Currently if we want to use Horizontal Pod autoscaling in kubernetes we need to specify following for the service we want to do :
Limits:
cpu: 150m
memory: 150Mi
Requests:
cpu: 42m
memory: 50Mi
I have some services which all can be scaled using HPA.
Can we over-provision these services? Like these services resource addition goes beyond the total resources available from the VM.
Consider a situation where : suppose the requests of the pods is within the total available CPU but the limit is beyond it
for example:
Total available CPU is 1000m cores, 2 pods with 500m cores requests each and limit 1000m each.
First thing can I set this limit like 1000m each if the total is only 1000m ?
If yes? Update2: < I think we can do it as I did an experiment shown below in image >
Now if pod 2 is not using its whole 500m cores of CPU and pod one has reached its total requested limit of 500m,
can this pod now use beyond 500m cores which are not utilized by the 2nd one as the limit is set to 1000 ?

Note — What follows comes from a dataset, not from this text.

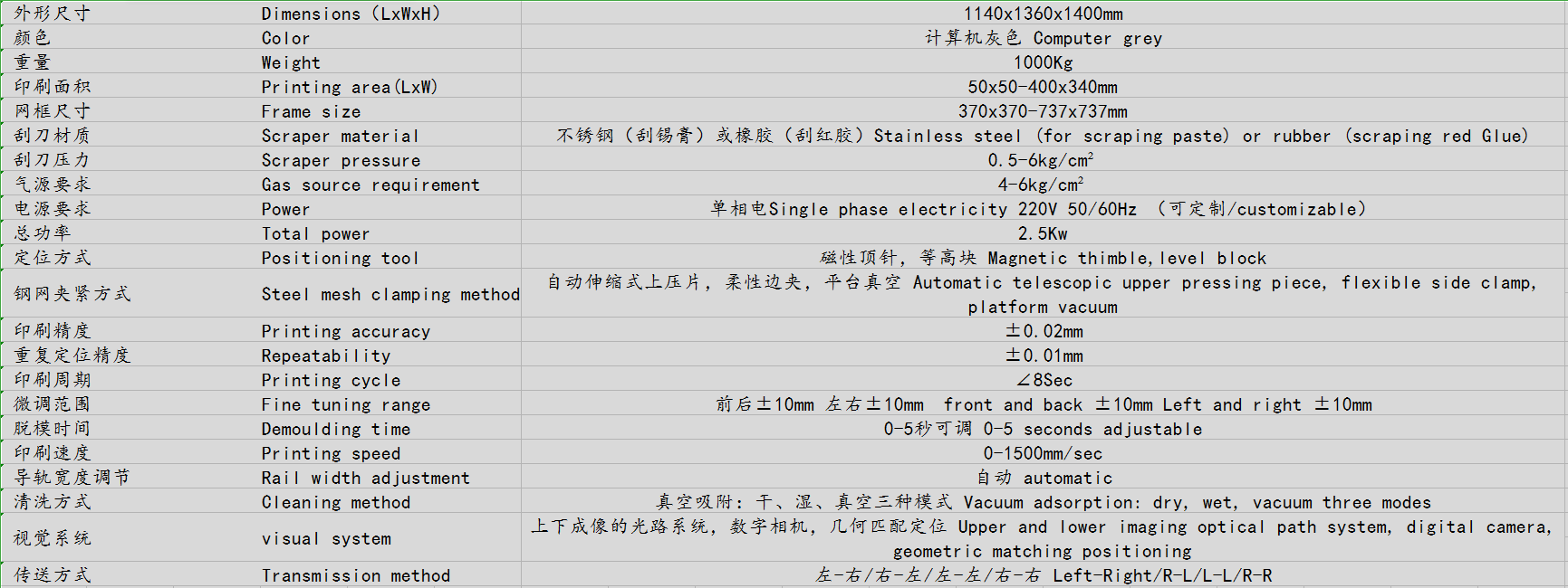實(shí)現(xiàn)各種尺寸網(wǎng)框的印刷,并可實(shí)現(xiàn)在生產(chǎn)過程中的快速更換機(jī)種。

If no? Update2: I guess this is not valid anymore
Then I guess over provisioning cannot be done ?
Let's start with a brief explanation of Autoscaling Algorithm:
Once per 30 seconds(--horizontal-pod-autoscaler-sync-period
default value), an autoscaler control loop queues pods and collects their CPU utilization. Then, it compares the arithmetic mean of this value to the configured threshold and adjusts the number of replicas to match the desired target of CPU utilization. CPU utilization is an average across last 1 minute CPU usage of a pod divided by the CPU requested by the pod. Currently, CPU usage is taken from Heapster service (should be present in kube-system
namespace).
At this part, there is no use for resource requests, resource limits, and pod affinity. We only got the desired number of replicas. Then Scheduler takes its part in autoscaling process and starts scheduling pods according to replicas number. At this moment, resource requests, resource limits, and pod affinity are taken into account to decide to which node next pod replica will be deployed.
According to the above mentioned, you can have several deployments that can't be scaled up to the max replicas number at the same period of time. But in case of insufficient amount of resources, first who scales up - consumes the resources, any other pods which don't fit into the remaining resources won’t be scheduled until resources become free again.

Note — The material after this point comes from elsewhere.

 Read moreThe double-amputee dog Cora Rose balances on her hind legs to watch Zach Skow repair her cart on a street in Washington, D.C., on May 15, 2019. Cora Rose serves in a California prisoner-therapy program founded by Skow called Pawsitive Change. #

On GCP or GKE, you can use autoscaler to add new nodes to a cluster when you need more computing capacity and remove them when load comes down. That will help to avoid "overprovisioning" because you can always have the desired amount of computing capacity, not more, not less.
Update: Scheduler decides whether to run a pod based on available resources, default or configured limits set on the namespace, and pod affinity.
Limits work for each particular pod, limiting its resource consumption; they are not designed to limit summary resource consumption for several pods.
A pod is started with the amount of resources mentioned in the request.
For example, if you have 1000 CPU on the node and the pod requests 500 with limit 1000, the scheduler knows that other 500 are available even if the pod consumes all resources up to the limit at this moment. So, on the node with 1000 CPU available, you can have two pods started, with request 500 and limit 1000 each.